I am in search of any aerial photos of Alum Creek before it was created. I have heard that the Huntington Army corp of Engineers may have these from surveying the land before constructing the dam. I have emailed them and no one has responded. Maybe they don't give them out anymore because of the times we now live in?? Does anyone know if such photos exist? Where could a guy get these? I always thought it would be interesting to see what structures occupied this area before hand. Maybe even pick up on a couple of new spots to fish. Any help would be appreciated!


----------



## Jammer (Feb 10, 2006)

The last time I was down there. I don't know if it was the park office or a nature center. They had pictures of the area as they were building it. There were several pictures in different stages. I don't know if they are still displayed. :F


----------



## Erie Addict (Apr 12, 2004)

Yes they exist and so do Topo maps of the proposed lake. There are also arial photos of the lake as it was filling. I would share but i have been sworn to hold the secret. If i share the secret, they will take my tongue from my mouth and bury my corpse and the low tide mark.


----------



## bassaddict (Sep 3, 2007)

Erie Addict,

The secret being where to get ahold of these?? (place, person, etc.) That's a buzzkill stating I know but can't/won't tell. Why would these be top secret? What a minute, this doesn't have to do with Jimmy Hoffa's disappearance does it?


----------



## Net (Apr 10, 2004)

I would start with the Westerville public library. My wife usually has to send in a search party to find me when I take her to her doctors appt on State St. Lots of historical documents not found on the web.


----------



## CShaver8 (Jul 12, 2005)

These pictures are out there( I have a set)....Its like holding onto a big hunk of gold. I know many guys that would buy copies of these pictures for $200+ dollars....but they are too valuble to be giving out.


----------



## bassaddict (Sep 3, 2007)

Oh, I guess I didn't realize the severity of the question I was asking. Kinda like asking where a guy can get some of those good "illegal" cubans. I'm new to bass fishing from a boat and begining to understand that it takes time and research to even begin to improve at this. Takes a little more than dumping the boat in and getting the line wet.


----------



## Wiper Swiper (May 24, 2005)

I've got about 60 minutes of video footage from 15 years ago when the lake was drawn down about 20' in March. Some VERY revealing stuff...especially up and down of Howard road. There were areas that we could walk (old road beds), but most shoreline was too mucky to even attempt to collect baits and bobbers along.

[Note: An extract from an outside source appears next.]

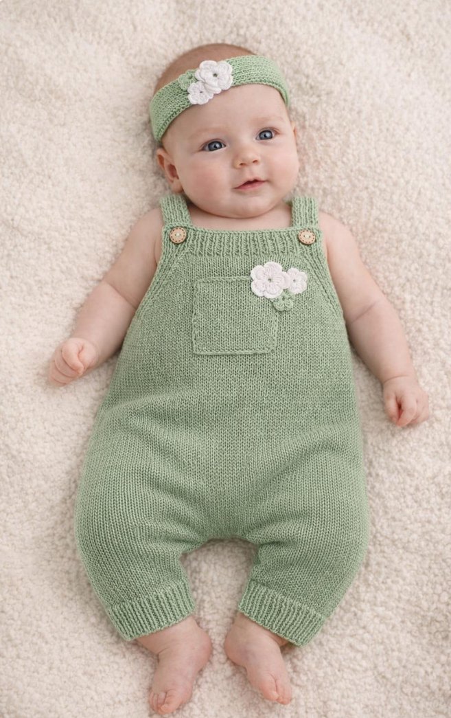 Organik pamuk ip ile örülmüş Pastel yeşil örgü bebek kız tulumu, nakışlı çiçek detaylarıyla birlikte gelir. Aynı desenli taç aksesuarı da settedir.

I'll start the bidding at 10 legal virgins, and a top flight bluetick cooner!


----------



## bassaddict (Sep 3, 2007)

Video footage, man you guys are serious. I have to admit that is a good idea.


----------



## CShaver8 (Jul 12, 2005)

That video coverage when the lake was 20' down...that right there is priceless.

I know a couple of buddies who, when the lake was ultra clear years past, took a fly over with an airplane and took photos.

Alum Creek is just one of those lakes where understanding the bottom is key.


----------



## Erie Addict (Apr 12, 2004)

Hint
Any one ever find or fish the "2 bridges" in the south end? Killer saugeye ice fishing!
How about The old Boy scout camp ground foundations?


----------



## CARP 104 (Apr 19, 2004)

I have the new Humminbird Side imaging sonar and man, I could drive down the sides of alum creek all day. There's a lot of stuff down there, but most of it didn't hold fish (bass) from my experiences, I may just be fishing them at the wrong time. I have seen foundations, roadbeds, rockpiles, weedbeds, stumps, trees, old dams, bridges, etc...just about everything down there.

I have been trying to find information on Alum creek before it was flooded as well and the most I came up with so far is some old maps from the early 1900's, but I have yet to check a few very good sources.


----------



## StuckAtHome (Apr 29, 2004)

I always wanted to know how good that side imaging sonar works, looks very cool, the pic of the underwater bridge they have is unreal. Does it pick up schools of shad, fish like bass sized, things like that? I wanted one for the yak, thought it would be cool, until I saw the price and its 2x the price of my yak!


----------



## CARP 104 (Apr 19, 2004)

Well you need to be going 2-6mph to use it, not sure if that would work out too well in the yak.

It does pick up bait balls, but it's hard to distinguish the bigger fish like bass from possible debris on the bottom. There were a couple of occassions where I have seen lots of baitfish on it and some bright bigger white dashes near/under the baitfish. As far as seeing fish on structure or cover, they would have to be slighly suspended to recognize it.


----------



## EE (Apr 13, 2004)

pictures of Alum creek before the lake was formed ..... I agree it would be pretty interesting. Sorry I don't have a set, if I did I'd share them with you (or at least tell you where to go look for them) as it sounds like you want to put some time in, do your own due diligence about the lake. 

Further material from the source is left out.